Start of Block

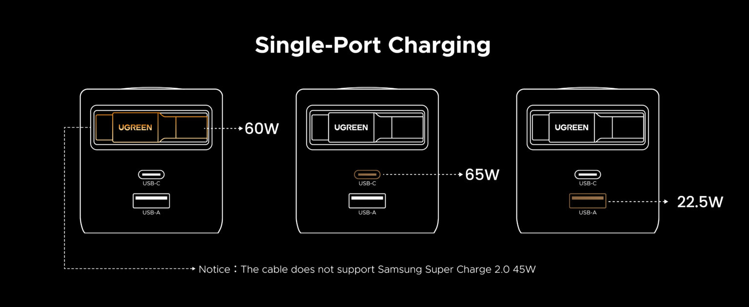 65W GaN Fast Charging – Supports PD 3.0 and PPS to power laptops, tablets, and smartphones at top speed.
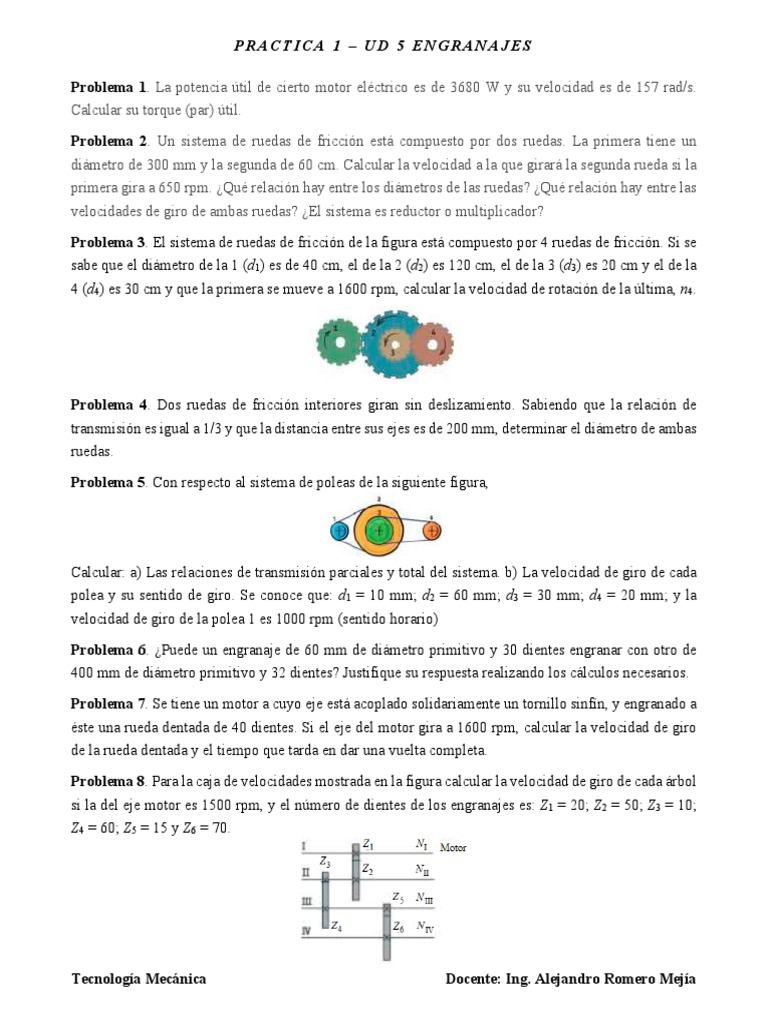 Problema 11. Para el siguiente conjunto de ruedas de fricción (tren de ruedas), sus correspondientes
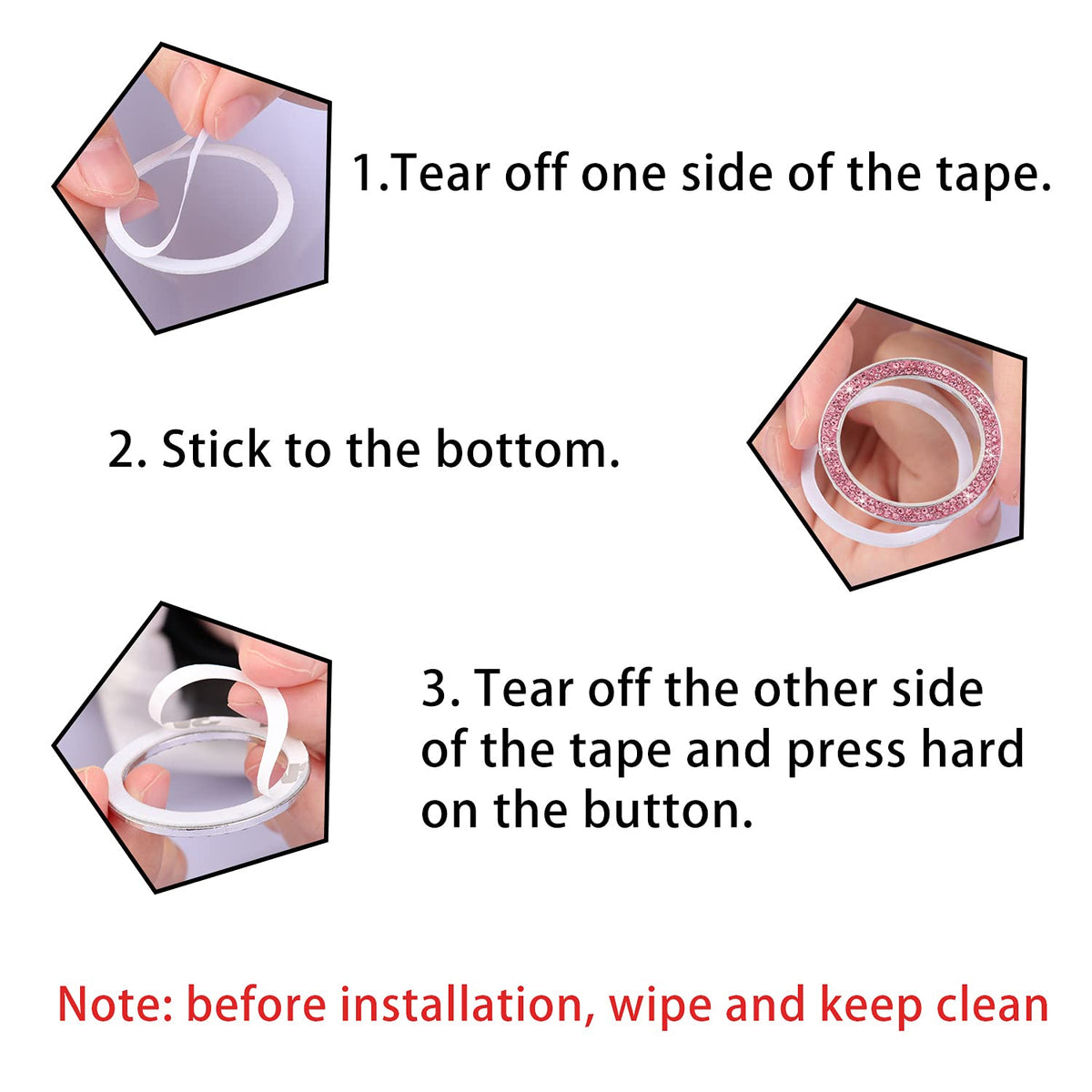 Q: How do I install the rhinestone ring on my car's push button?A: Installation is easy! Each crystal ring comes with a piece of adhesive tape. Simply peel off one side of the tape and stick it to the halo, then peel off the other side and press it firmly onto the button. For better adhesion, especially in colder weather, you can warm the adhesive with a hair dryer for about 5 seconds before applying.
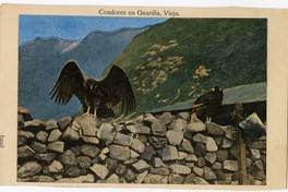 Condores en Guardia, Vieja [fotografía]. Chile : [Editor no identificado , Entre 1912 y 1922]. 1 tarjeta postal : medio tono, fotomecánico policromo iluminado sobre papel ; 12 x 8 cm. .
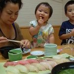 諸々の理由により今日はすしざんまい☆宝は上穴子で寿司デビュー!

End of Block

Try it
Where the line containing "Condores en Guardia, Vieja" appears in the entries above, start there and set down every line exactly through the last one, inclusive; omit pictures.

Answer section
 Condores en Guardia, Vieja [fotografía]. Chile : [Editor no identificado , Entre 1912 y 1922]. 1 tarjeta postal : medio tono, fotomecánico policromo iluminado sobre papel ; 12 x 8 cm. .
 諸々の理由により今日はすしざんまい☆宝は上穴子で寿司デビュー!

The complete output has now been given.